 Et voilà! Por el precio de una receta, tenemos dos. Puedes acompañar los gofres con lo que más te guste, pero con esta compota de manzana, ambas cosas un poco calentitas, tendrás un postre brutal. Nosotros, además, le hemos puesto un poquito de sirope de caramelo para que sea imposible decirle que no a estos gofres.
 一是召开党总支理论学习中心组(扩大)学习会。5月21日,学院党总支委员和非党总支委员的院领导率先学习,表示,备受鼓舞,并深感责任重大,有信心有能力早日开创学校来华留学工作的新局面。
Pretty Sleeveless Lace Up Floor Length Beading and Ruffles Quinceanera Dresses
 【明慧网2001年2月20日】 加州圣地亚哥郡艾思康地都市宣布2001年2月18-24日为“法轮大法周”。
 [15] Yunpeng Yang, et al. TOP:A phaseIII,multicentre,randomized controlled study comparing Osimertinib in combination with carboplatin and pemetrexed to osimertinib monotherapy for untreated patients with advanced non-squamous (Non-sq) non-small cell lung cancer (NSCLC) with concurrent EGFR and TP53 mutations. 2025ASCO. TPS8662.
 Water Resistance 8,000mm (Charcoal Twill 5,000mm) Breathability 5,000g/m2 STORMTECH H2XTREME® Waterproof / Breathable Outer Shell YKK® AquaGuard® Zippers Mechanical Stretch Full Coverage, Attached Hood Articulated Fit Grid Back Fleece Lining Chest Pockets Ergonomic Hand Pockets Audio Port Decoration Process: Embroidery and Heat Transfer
=-=-=
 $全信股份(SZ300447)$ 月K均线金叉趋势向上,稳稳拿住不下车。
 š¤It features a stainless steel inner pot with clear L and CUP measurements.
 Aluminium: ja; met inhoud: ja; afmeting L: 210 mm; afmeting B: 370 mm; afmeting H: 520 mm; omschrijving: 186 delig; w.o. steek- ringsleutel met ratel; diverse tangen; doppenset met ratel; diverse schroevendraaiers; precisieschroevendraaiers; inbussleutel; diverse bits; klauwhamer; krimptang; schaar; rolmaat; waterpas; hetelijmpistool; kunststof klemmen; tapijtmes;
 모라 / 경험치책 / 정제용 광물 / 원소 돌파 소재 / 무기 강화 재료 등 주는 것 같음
=-=-=
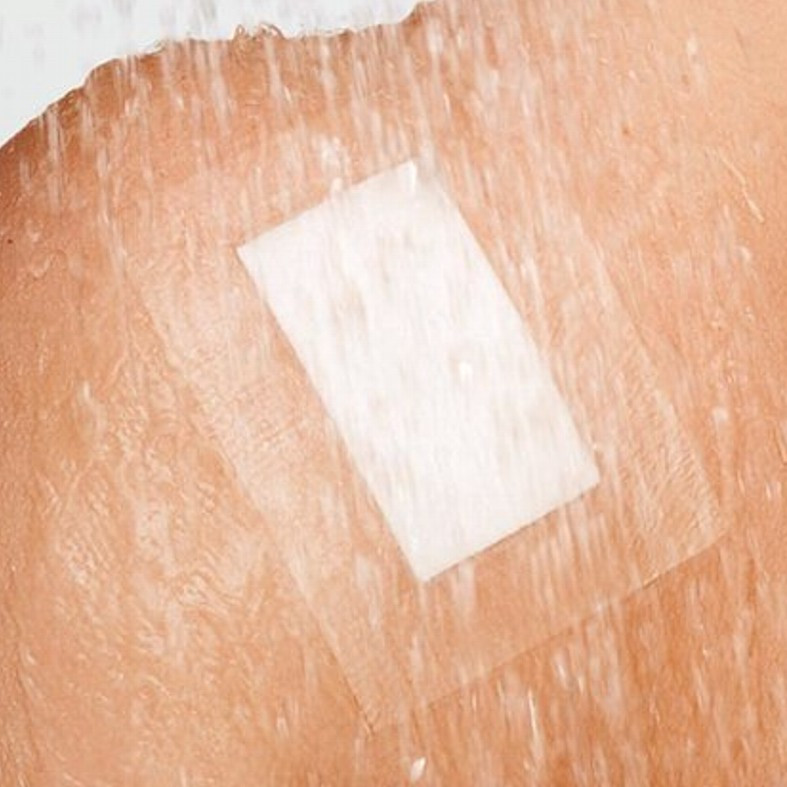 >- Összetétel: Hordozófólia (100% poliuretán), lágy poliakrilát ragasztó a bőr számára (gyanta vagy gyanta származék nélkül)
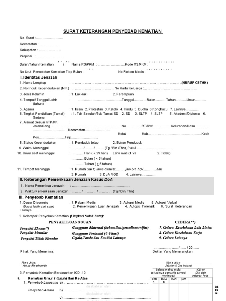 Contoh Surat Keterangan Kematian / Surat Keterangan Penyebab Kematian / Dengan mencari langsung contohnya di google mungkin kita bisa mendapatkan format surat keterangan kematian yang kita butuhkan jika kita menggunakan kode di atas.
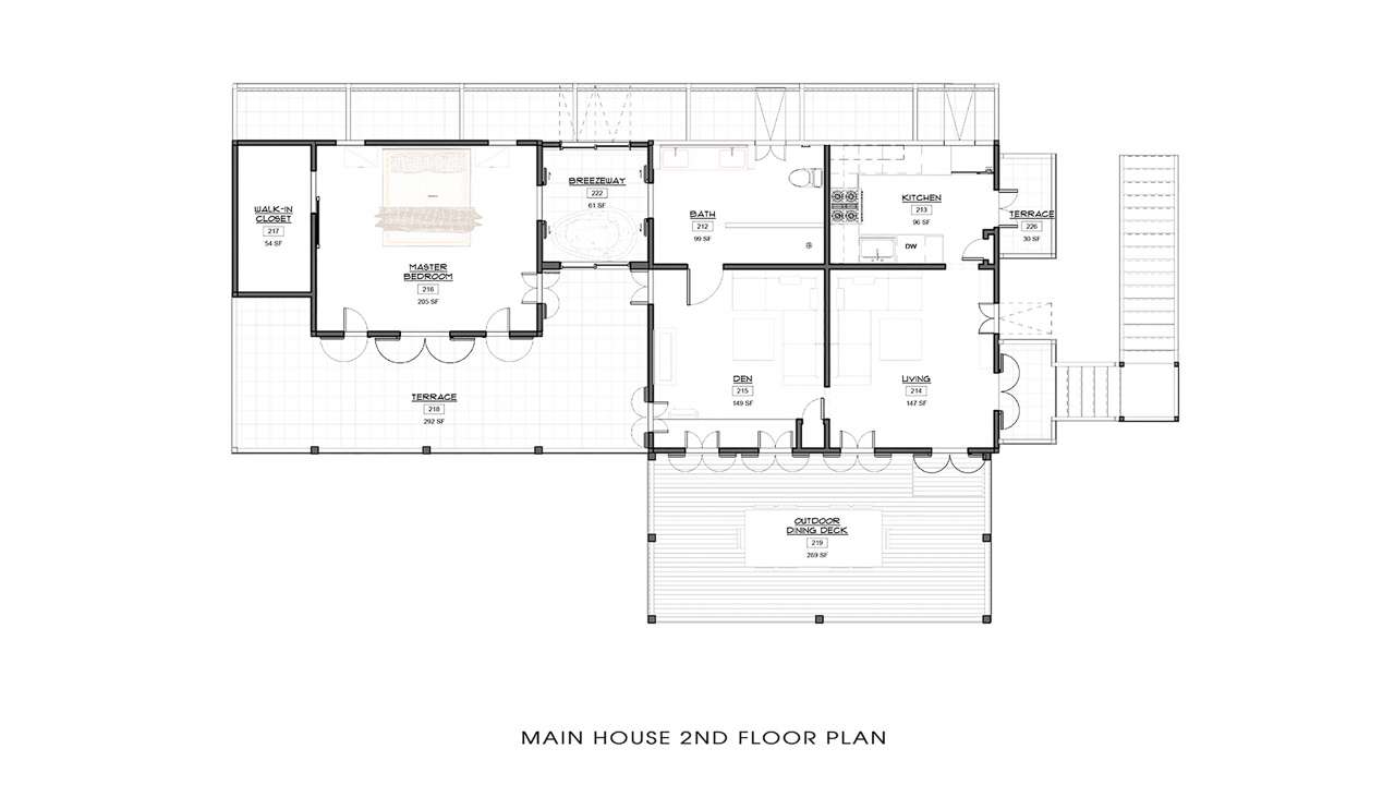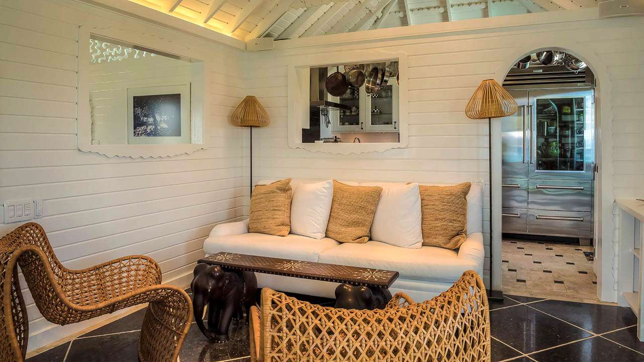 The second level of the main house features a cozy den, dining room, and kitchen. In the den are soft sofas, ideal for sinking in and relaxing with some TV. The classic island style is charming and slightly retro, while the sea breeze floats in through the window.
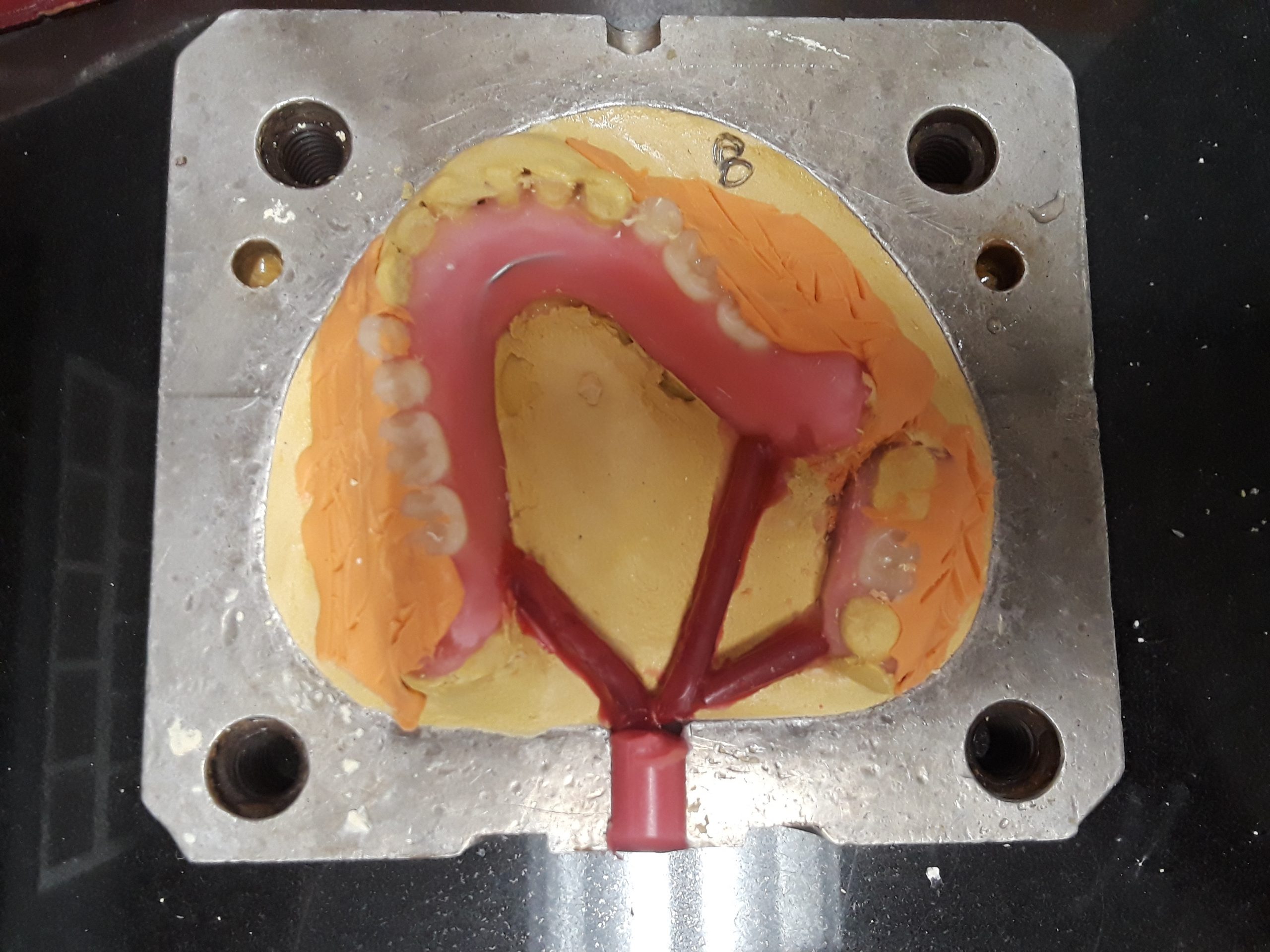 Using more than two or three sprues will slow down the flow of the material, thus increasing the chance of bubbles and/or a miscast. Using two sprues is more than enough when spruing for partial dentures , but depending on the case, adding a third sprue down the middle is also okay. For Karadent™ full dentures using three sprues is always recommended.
=-=-=
▶ Task: In the entries above, the lines from the one bearing "Et voilà! Por" up to and including the one bearing "Water Resistance 8,000mm" should be transcribed exactly; no other line is wanted.

▶ Output for this exercise:
 Et voilà! Por el precio de una receta, tenemos dos. Puedes acompañar los gofres con lo que más te guste, pero con esta compota de manzana, ambas cosas un poco calentitas, tendrás un postre brutal. Nosotros, además, le hemos puesto un poquito de sirope de caramelo para que sea imposible decirle que no a estos gofres.
 一是召开党总支理论学习中心组(扩大)学习会。5月21日,学院党总支委员和非党总支委员的院领导率先学习,表示,备受鼓舞,并深感责任重大,有信心有能力早日开创学校来华留学工作的新局面。
Pretty Sleeveless Lace Up Floor Length Beading and Ruffles Quinceanera Dresses
 【明慧网2001年2月20日】 加州圣地亚哥郡艾思康地都市宣布2001年2月18-24日为“法轮大法周”。
 [15] Yunpeng Yang, et al. TOP:A phaseIII,multicentre,randomized controlled study comparing Osimertinib in combination with carboplatin and pemetrexed to osimertinib monotherapy for untreated patients with advanced non-squamous (Non-sq) non-small cell lung cancer (NSCLC) with concurrent EGFR and TP53 mutations. 2025ASCO. TPS8662.
 Water Resistance 8,000mm (Charcoal Twill 5,000mm) Breathability 5,000g/m2 STORMTECH H2XTREME® Waterproof / Breathable Outer Shell YKK® AquaGuard® Zippers Mechanical Stretch Full Coverage, Attached Hood Articulated Fit Grid Back Fleece Lining Chest Pockets Ergonomic Hand Pockets Audio Port Decoration Process: Embroidery and Heat Transfer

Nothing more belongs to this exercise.